Basic Competitive Strategies
Basic competitive positioning winning strategies include (as recommend by Michael Porter) following:
A. Total cost-leadership - cost-leadership is acquired by being the lowest-cost process in the industry. It affords the company flexibility in responding to competitive moves by being always able to offer the lowest price to the consumer. Usually this strategy wins the company a high market share.
B. Differentiation - this strategy builds up competitive advantage by offering manufacture with exclusive customer or features or benefits not available from competitive offerings. Here the company concentrates on building a highly differentiated manufacture line and marketing program so that it comes across like the leader in the industry. These images help out it to compete against lower price rivals.

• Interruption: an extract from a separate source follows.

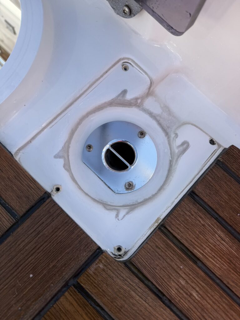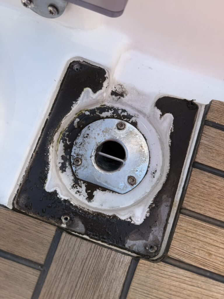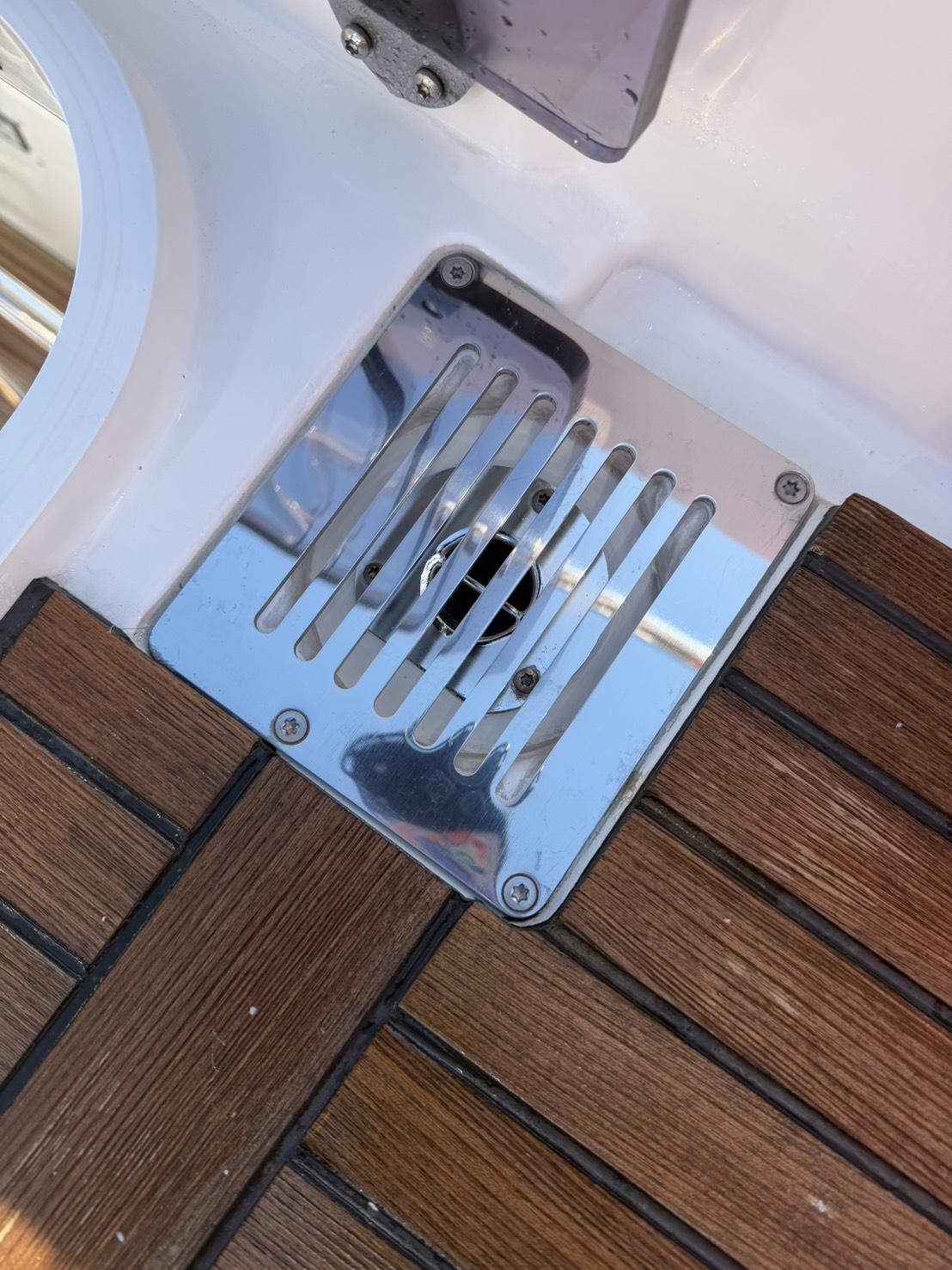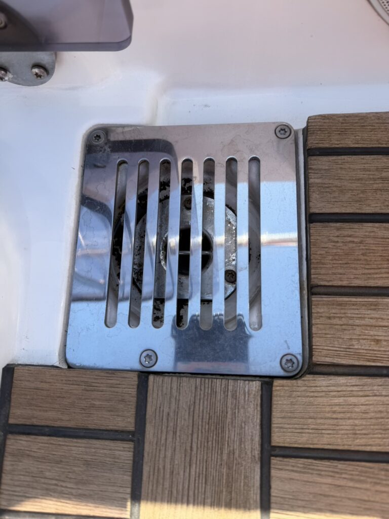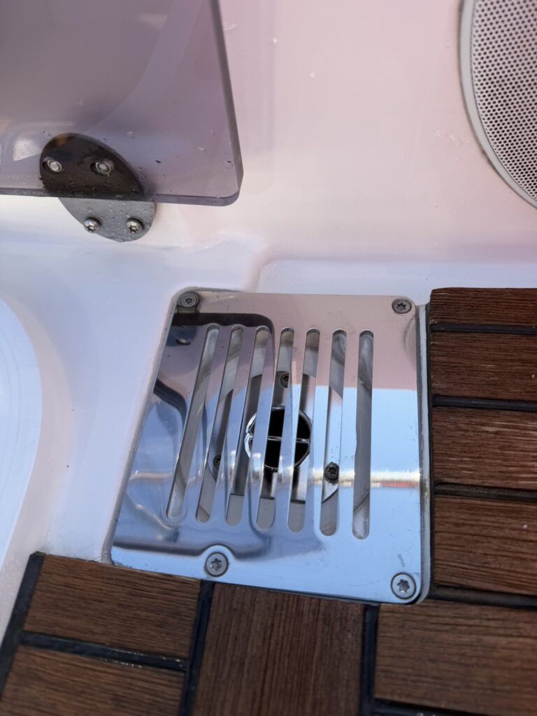 今回は、プレステージ460様のFB(フライングブリッジ)の排水溝周りに砂埃汚れが溜まってきていたため、カバーを取り外して洗浄を行いました。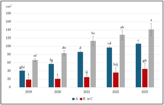 Trunk cross-sectional area (Σ TCSA) measured 30 cm above the ground of the plants subjected to different training and pruning regimes during the trial (treatment A: regular four-stemmed shrub; treatment B: single-trunk sapling form; treatment C: multi-stemmed shrub). Data are represented as mean values ± standard deviation. Different lowercase letters on the columns indicate significant differences in the interaction between treatment and year (Fisher’s test, p ≤ 0.01).

C. Focus-this narrow - focus strategy gain competitive advantage by concentrating on narrow segments of a big market. Emphasis is frequently on quality or benefits in strongly defined market sub segments.
Firms that do not pursue a visible strategy (a losing strategy) are known as middle-of-the-readers. In Porter view, these firms do the baldest in competitive struggles. Another set of schema based on what they call value disciplines are following:
- Operational excellence-the company gives superior value by leading its industry in convenience and price.
- Customer intimacy-the company gives superior value by exactly Segmenting its markets and tailoring its manufacture and services to match exactly the requirement of targeted customers.
- Product leadership-the company provides higher value by offering a
Continuous stream of leading-edge manufacture or services that make their own and competing manufacture obsolete.